Here's how it works in Calgary, where she's been piloting it for the last three years with 12 strata corporations participating. A strata corporation hires Condo-Check (her company) to examine its books, records, meeting minutes, etc. Winter, or one of her consultants, walks the entire property (residences excepted) to see how well it is being maintained.

Even the property manager's contract and performance is under scrutiny. "I'm actually in the string of emails between board members and the property manager," says Winter, "so I can see when a problem is brewing." Strata councillors aren't let off the hook either: They're interviewed as a group and also one on one. "Why are they on the board? What's their interest?" Winter wants to know. "They need to be representing the entire ownership, not just their own best interest."

Once the data are collected, it's measured on a scale devised by Winter and four other industry experts (individuals who work in the strata or rental housing industry in Alberta), then given a percentage rating, comparable to a personal credit score. And that score isn't static. Every month, the strata corporation's internal workings are reviewed and the rating may change.

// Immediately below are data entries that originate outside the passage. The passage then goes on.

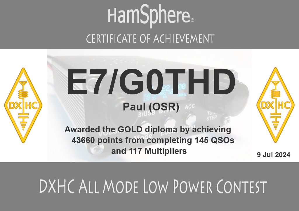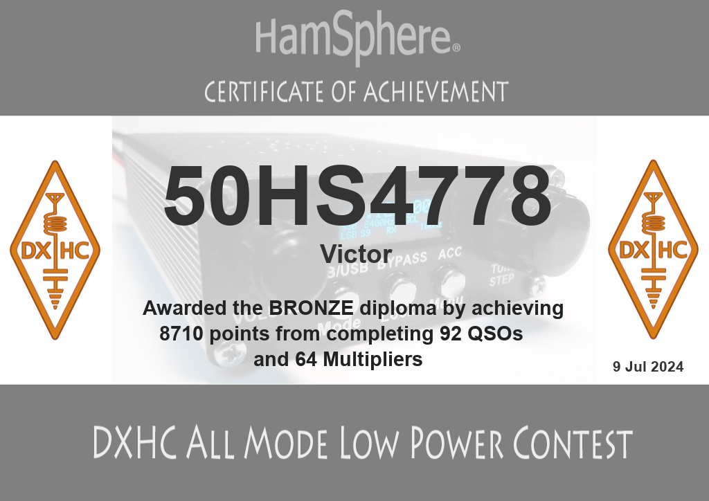 | HamSphere DXHC All Mode Low Power Contest 2024 | 2024-07-06 12:00:00 | 2024-07-07 12:00:00 | 2024-07-09 00:00:00 | VIEW | ||||
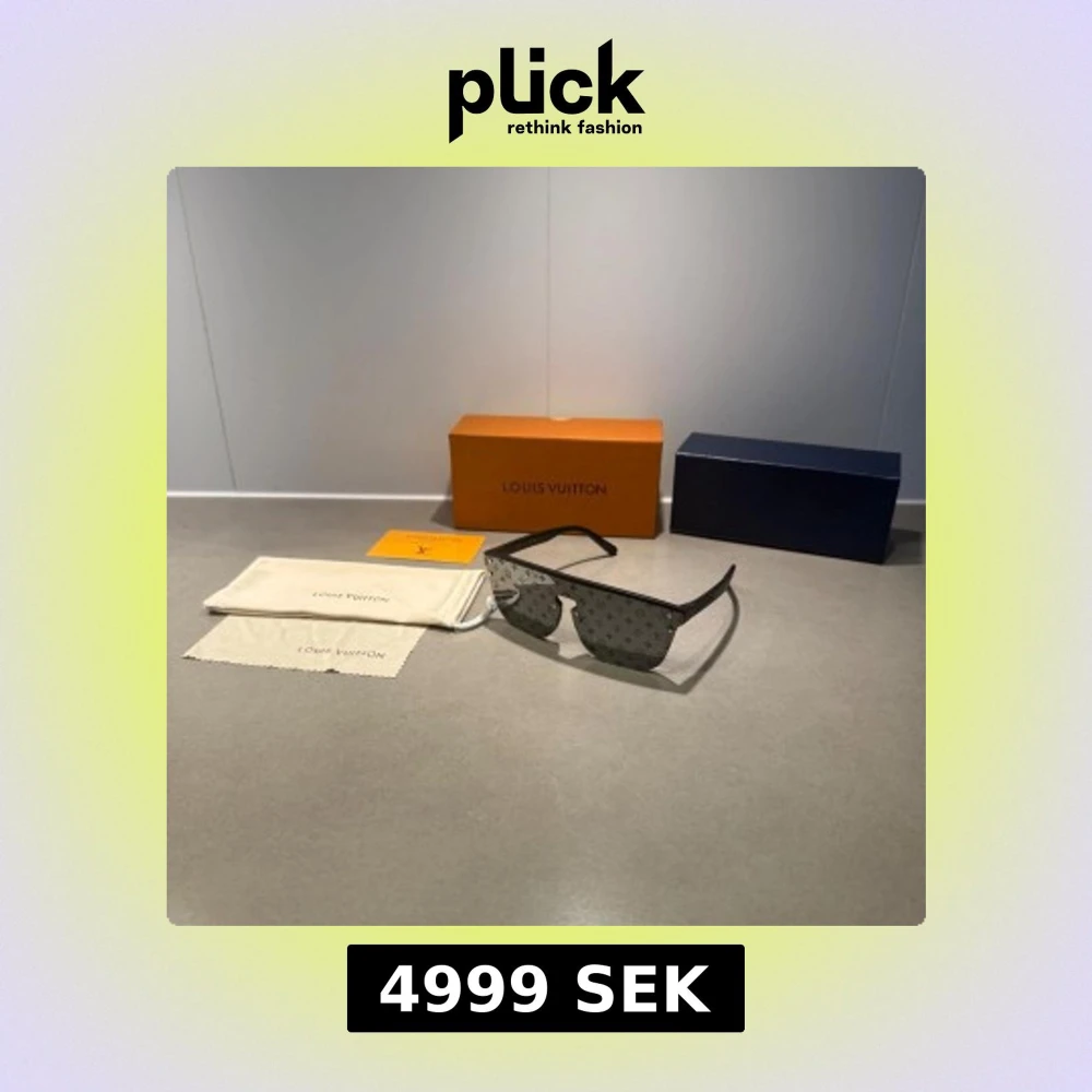 Stilrena svarta solglasögon från Louis Vuitton med LV-monogram på glasen. Raka, mattsvarta bågar i plast och mörka linser. Kommer med originalfodral, putsduk och ask. Perfekt accessoar för dig som vill sticka ut.
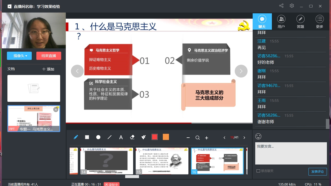 来自有机材料教研室的王燕老师第一时间分享了她的首次线上上课的感受,她讲到,课前,已将课程内容及要求、PPT等发布到教学班级的学习通平台上,课件文字清晰可见,声音清晰。课中,老师时不时发起讨论和抢答,让学生都参与进来,带动学生学习的积极性,课后在线发布作业,整个过程进行顺利。
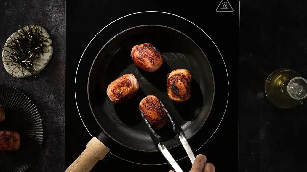 Nikumaki onigiri are best enjoyed straight from the pan, but you can also wrap them up and take them with you as a snack—just roll them into the salad leaf to eat by hand.
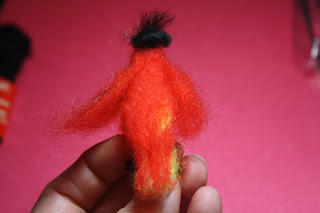 The feathers I had on hand were very fluffy. The ends of the feathers didn't really stick in the felt. Glue and patience helps. A little bit of yellow feather was used as well. The beak is felted and I don't like the look of it.
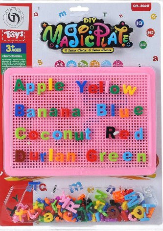 -Includes a sturdy pegboard and colorful alphabet, numbers, and math symbols
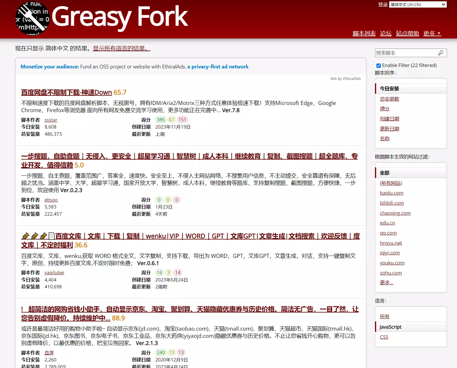 站点提供的脚本数量是非常多的,适用于各种不同类型的站点,而且脚本类型也非常丰富,比如页面的布局、内容的隐藏或者各种免费看视频或者破解页面限制等等。
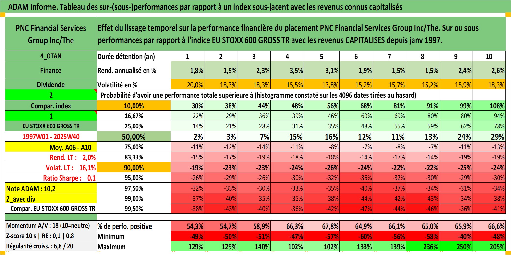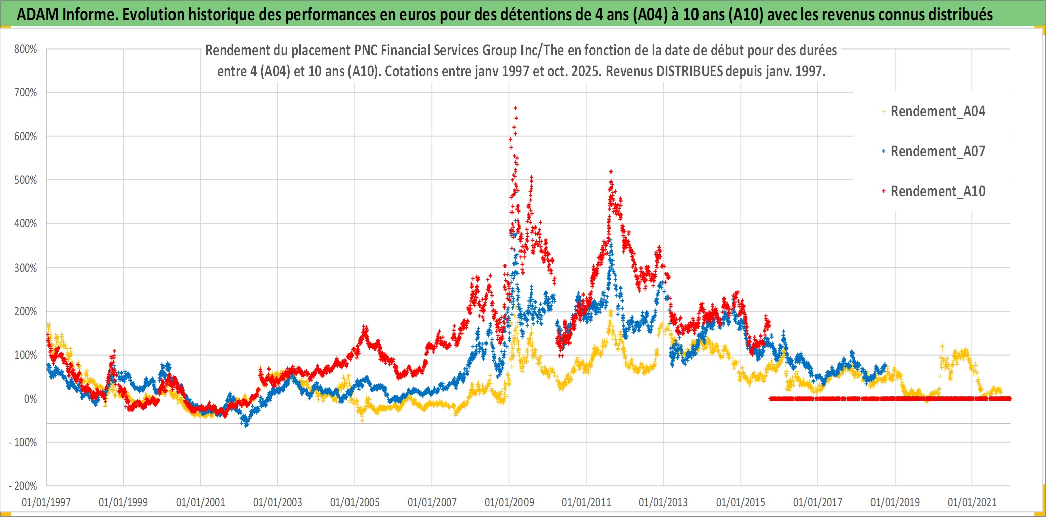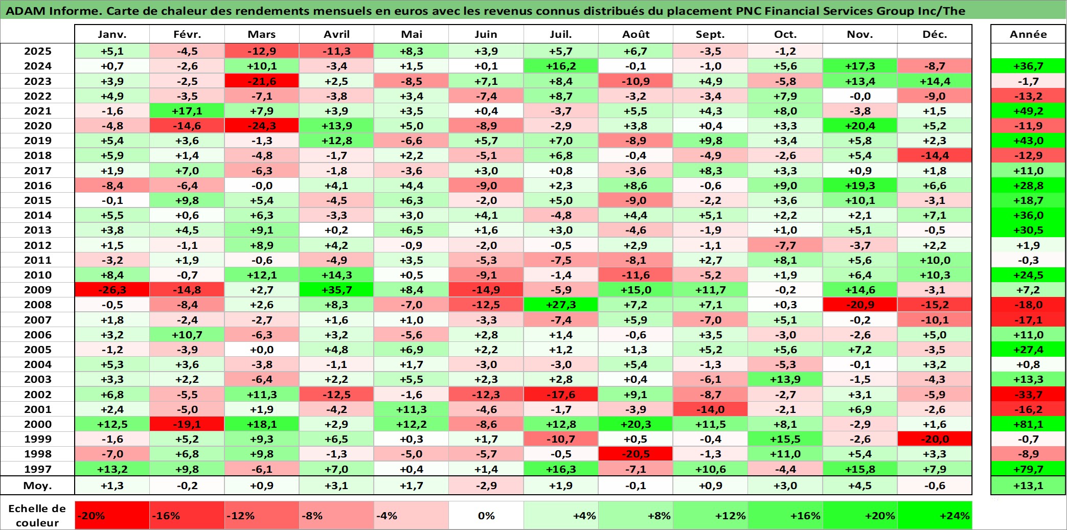 Site dédié aux investisseursPage dédiée sur site financeAnalyse des valorisations hebdomadaires de l'action PNC Financial Services Group Inc/The. Cet actif est cote en USD. Les valorisations sont en contrevaleur EURO et couvrent les semaines 1997W01 a 2025W40. Les revenus de cet actif financier sont pris en compte depuis la semaine 1997W02. La note globale ESG de cet actif est estimee a 9.0 (apres rebasage entre 0 et 20).
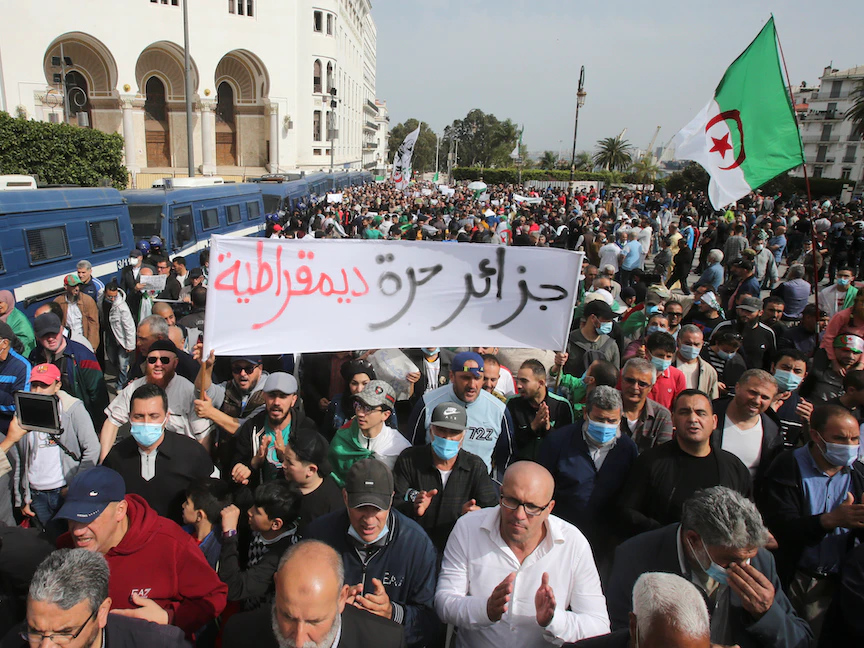 وبدأ الحراك في فبراير 2019 احتجاجاً على ترشح الرئيس السابق عبد العزيز بوتفليقة لولاية خامسة، وكذلك للمطالبة بتغيير جذري للنظام الحاكم منذ استقلال البلاد.
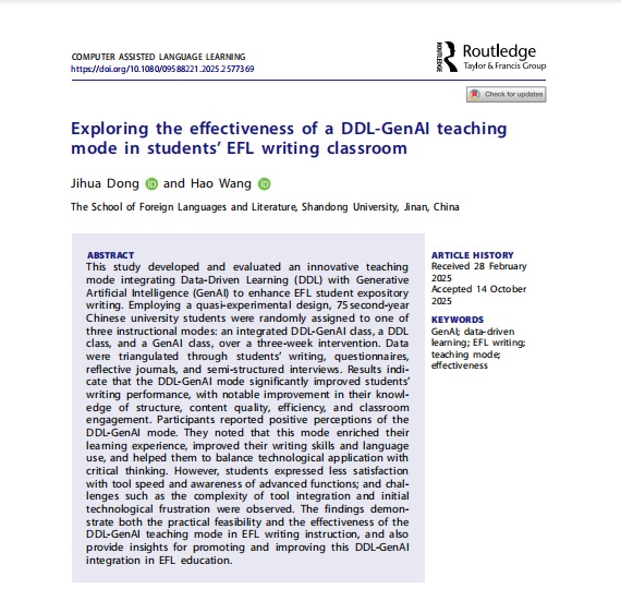 近日,金沙官网董记华教授团队在计算机辅助语言学习领域SSCI 一区TOP 1%权威期刊《Computer Assisted Language Learning》(中文译名《计算机辅助语言学习》)发表题为《EFL写作课堂中数据驱动学习-生成式人工智能融合教学模式的有效性研究》(Exploring the effectiveness of a DDL-GenAI teaching mode in students’ EFL writing classroom)的最新研究论文。董记华教授为第一作者兼通讯作者,2024级博士研究生王昊为第二作者,金沙集团3354cc为第一作者单位。该期刊为SSCI一区顶级刊物,最新影响因子为6.6(2024年),2024年在全球语言学期刊中排名第二(2/306),2023年位列第一名(1/296)。
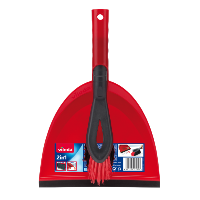 Комплектът за метене 2 в 1 от Vileda е практичен помощник в домакинството. Улеснява ежедневното почистване и премахва напълно трохи, прах и други замърсявания от пода. Интелигентната ръчна четка 2 в 1 съчетава ултратънки черни косъмчета с твърди червени косъмчета. Това означава, че улавя дори най-фините частици прах и влиза във всеки ъгъл. Благодарение на гумената си устна, лопатката лежи близо до пода, така че мръсотията може да се прехвърли удобно върху нея.
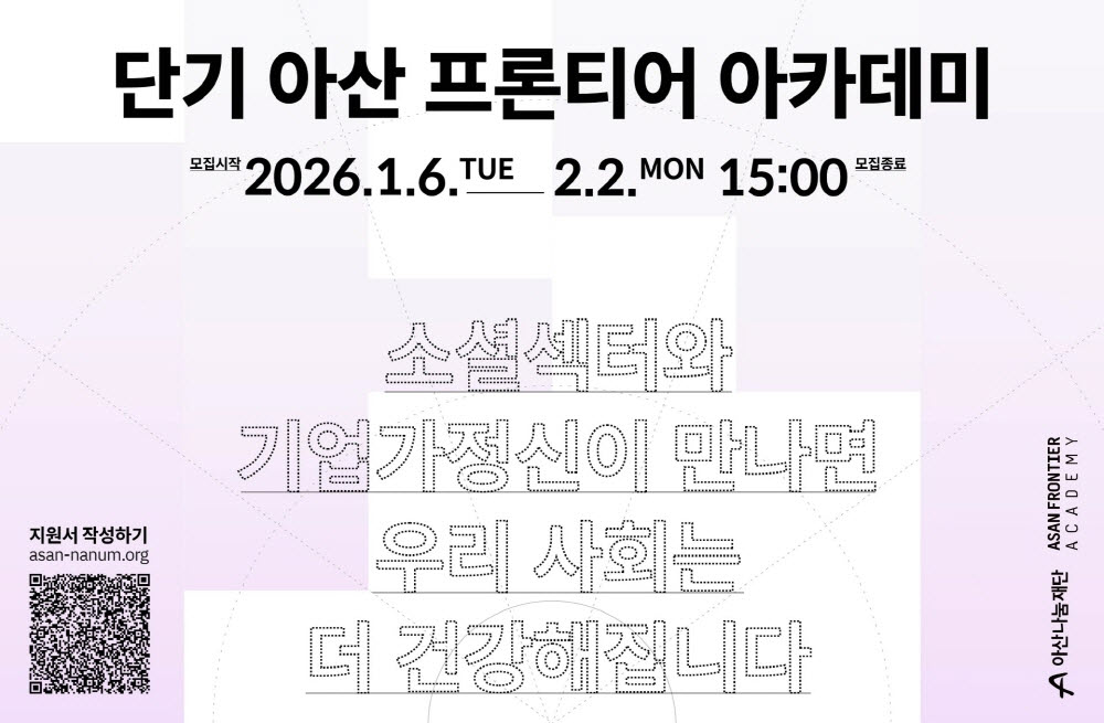 아산나눔재단이 기업가정신을 갖춘 차세대 사회혁신 리더 양성을 위해 ‘단기 아산 프론티어 아카데미’ 수강생을 모집한다. 기존 7개월 정규 과정을 5일 코스로 압축한 이 프로그램은 올해부터 경기∙인천 등 서울 외 지역 기반 비영리 및 영리 종사자를 대상으로 선발을 확대해 총 42명에게 교육을 무료 제공한다. 교육은 2월 24일부터 28일까지 온∙오프라인으로 진행되며, 특히 부산에서 2박 3일간 워크숍을 통해 비영리 조직 전략, 리더십, 임팩트 경영 등 사회혁신 생태계에 대해 집중 학습할 예정이다. 지원은 내달 2일까지 아산나눔재단 공식 홈페이지에서 가능하며, 최종 선발 명단은 2월 10일에 발표된다.
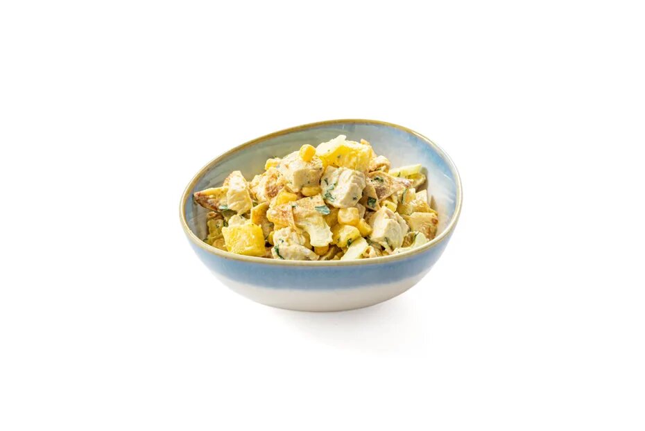 Пока индейка готовится, можно заняться остальными ингредиентами. Ананас нарезают крупными кубиками, а стебель сельдерея — тонкими ломтиками. Специи в виде измельченной петрушки смешивают с майонезом и добавляют карри для необычного вкусового акцента. Блины нарезают ромбиками, что придаст закуске стильный вид.
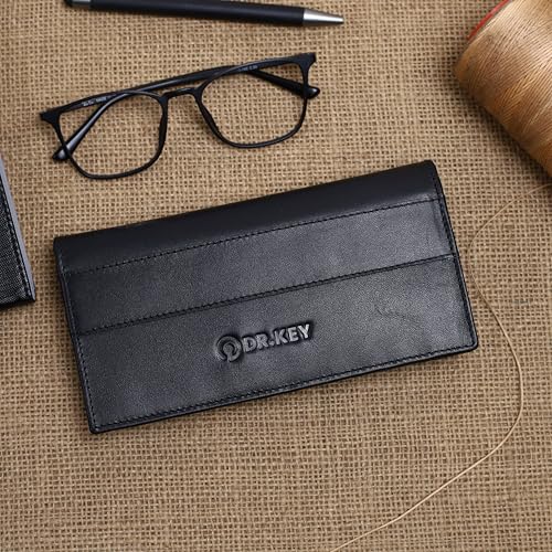 dr.key - محفظة من دكتور كي مصنوعة من جلد فول جرين للرجال، بتصميم كلاسيكي باي فولد باللون الأسود، مع حماية RFID ومتعددة الأقسام
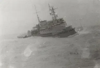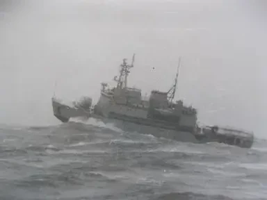 Через несколько часов хода бортом к волне кренометр начал показывать недобрые значения. Сначала было 40, потом 45, и это было уже неприлично… Корабль шёл, расходуя топливо, «всплывал», остойчивость уменьшалась. Ватерлиния была на 1,2–1,5 метра выше уровня воды. Скоро кренометр показал 48, потом 50 градусов. Командиру в каюту с мостика доложили обстановку (он не поднимался на мостик, сидел, запершись в каюте), спросили решение. Ответ был озадачивающий и возмутительный: «Разбирайтесь сами». Старпом обсудил ситуацию с командиром БЧ-5: вариантов для продолжения движения не оставалось — или на якорь, или в управляемый дрейф против волны, пока не утихнет. А вот когда волна утихнет — дело темное… Командование в предложении переждать непогоду отказало, сославшись на приемлемую карту проходящего циклона.
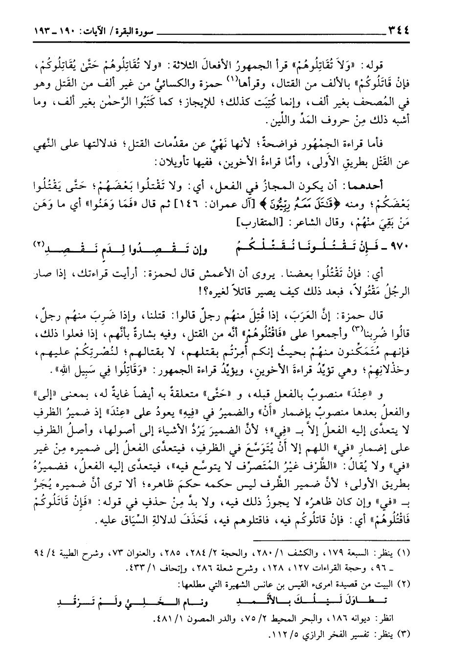 قوله: «وَلاَ تُقَاتِلُوهُمْ» قرأ الجمهورُ الأفعالَ الثلاثة: «ولا تُقَاتِلُوهُمْ حَتَّى يُقَاتِلُوكُمْ، فإنْ قَاتَلُوكُمْ» بالألف من القتال، وقرأها حمزة، والكسائيُّ من غير ألف من القَتل وهو المُصحف بغير ألف، وإنما كُتِبَت كذلك؛ للإيجاز؛ كما كَتَبُوا الرَّحمن بغير ألف، وما أشبه ذلك مِنْ حروف المَدِّ واللِّين.
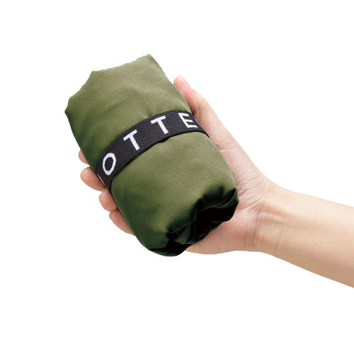 ゴムバンドでくるりとコンパクトにまとめて持ち運びができるエコバッグです。
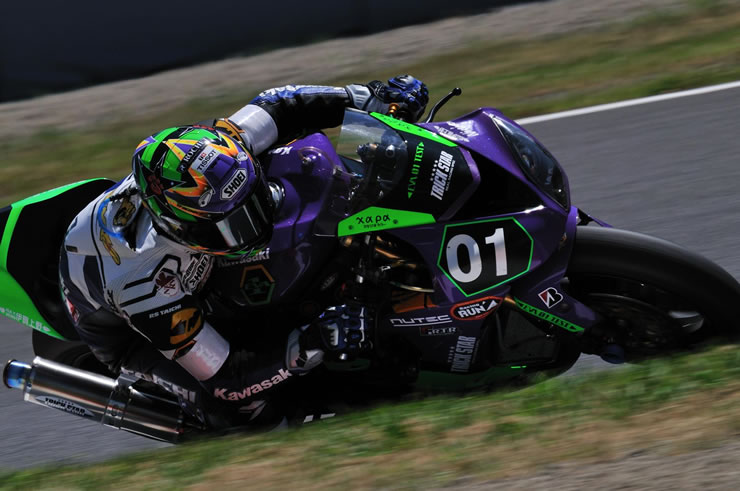 鈴鹿8耐参戦マシン、エヴァRT初号機トリックスターの展示。

"I had one that was at an 82 and they had a major problem at Christmas time, and their score went down to 60 and they fixed it within two weeks," says Winter. "The score went back up and it went back up a little higher because of how quick they fixed it, so it's a moving scale."

Strata corporations pay Condo-Check an initial fee - Winter won't say how much - for their first audit, then an ongoing fee for as long as they participate in her program. They also post a sign on their property letting any visitor - including prospective buyers - know that the strata corporation is being audited. For $395, anyone can go to Condo-Check's website (www. condo-check.com) and access the latest report. (There are two reports; one for the strata corporation and one for everyone else.)

Strata corporations are paid $100 every time someone orders a copy of the report detailing their business operation.

Winter says this program shouldn't raise any eyebrows at the Superintendent of Real Estate's office because it's not done for the purpose of selling real estate, but for the maintenance of it. Whatever the rationale, it could be exactly what buyers need and can't get now.